(Records from a dataset)
┌──

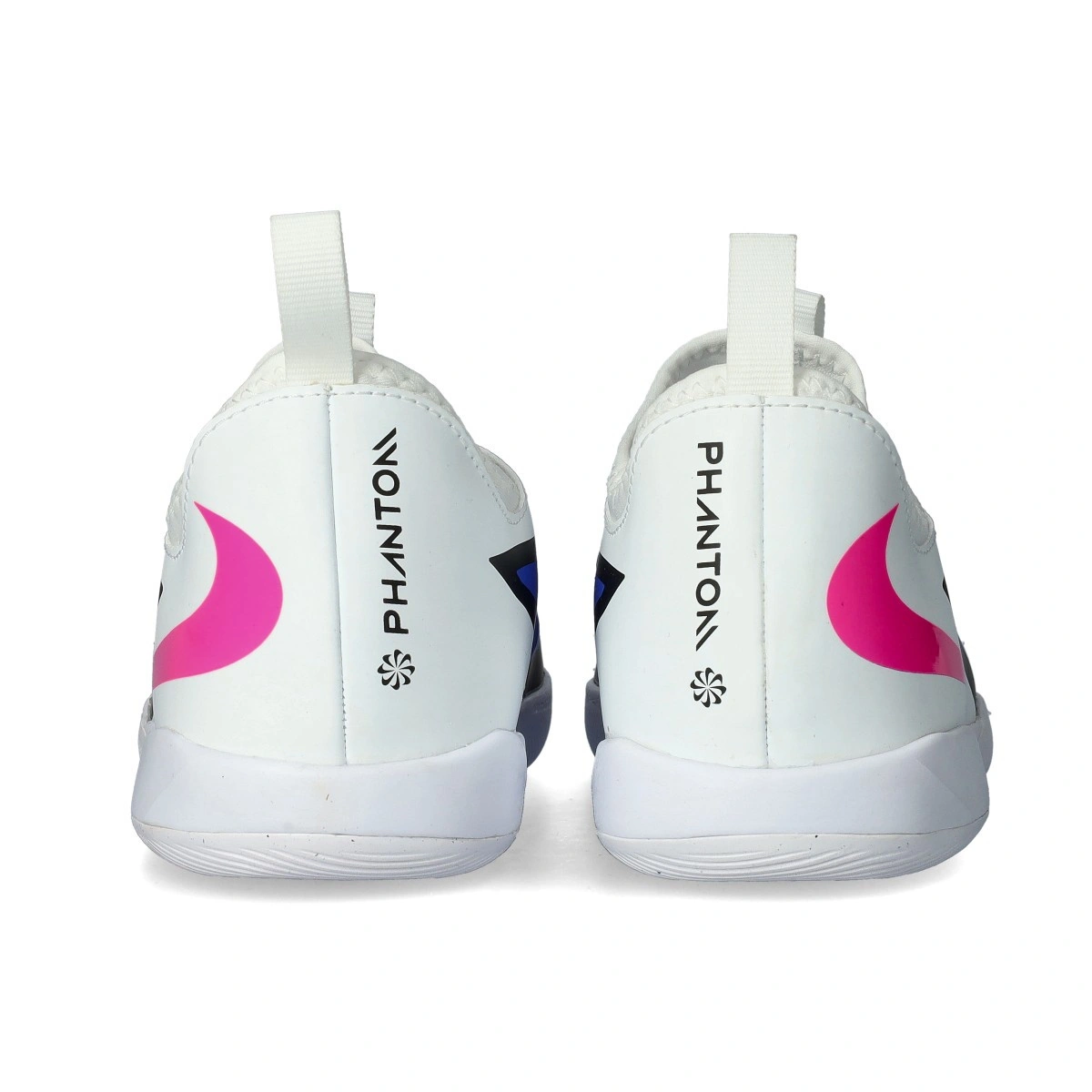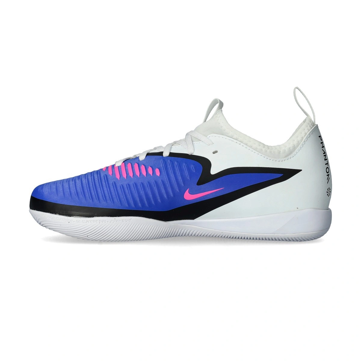 Nike Phantom 6 Low Academy IC Kids futsal shoe. Sockless knit futsal shoe, designed for use on concrete, parquet, or carpet. Mid-range boots for control and precision players in Racer Blue-Pink Blast-White.
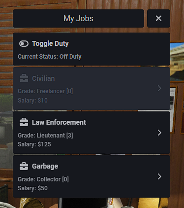 randol_multijob A multi job script for QBCore/QBox using ox_lib QBOX BRANCH HERE: https://github.com/Randolio/randol_multijob/tree/qbox Default keybind to open is F10 or use command /myjobs
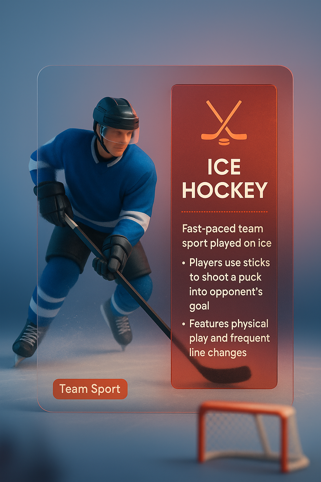 /Collection: /by davooda/Type: PNG/A dynamic 3D illustration of an ice hockey player in action, featuring a transparent overlay with text and graphic elements. The design includes a gradient background and emphasizes the sport's fast-paced nature.
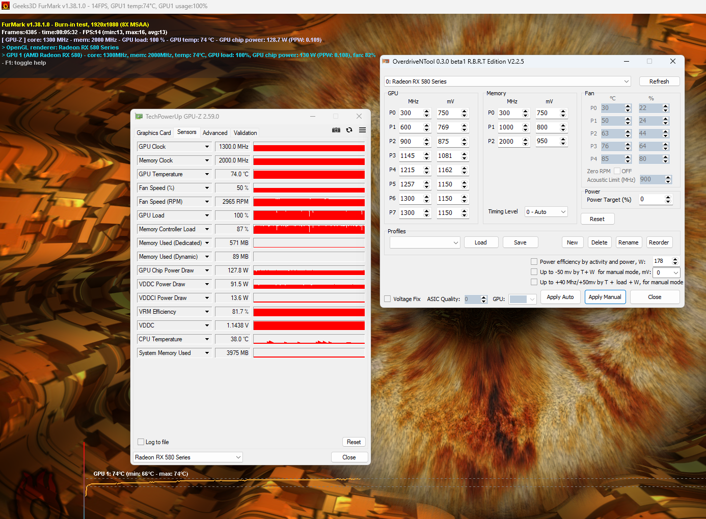 Q: По мониторингу напряжение на GPU немного отличается от установленного. A: Реально напряжение выставляется кратно 6.25 и округляется в большую сторону. То есть, если Вы выставили 1137, то реально у Вас будет 1137.5, а если выставили 1138, то уже реально будет 1143.75 мВ.
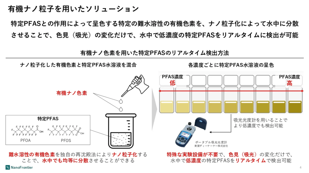 【nano tech 2026+InterAqua 2026】NanoFrontier、特定PFASの低コスト・リアルタイム検出を可能にする有機ナノ粒子技術公開

└──

Through the line containing "randol_multijob A multi" and no further, restate the data above word for word from its first line, leaving out pictures.

 Nike Phantom 6 Low Academy IC Kids futsal shoe. Sockless knit futsal shoe, designed for use on concrete, parquet, or carpet. Mid-range boots for control and precision players in Racer Blue-Pink Blast-White.
 randol_multijob A multi job script for QBCore/QBox using ox_lib QBOX BRANCH HERE: https://github.com/Randolio/randol_multijob/tree/qbox Default keybind to open is F10 or use command /myjobs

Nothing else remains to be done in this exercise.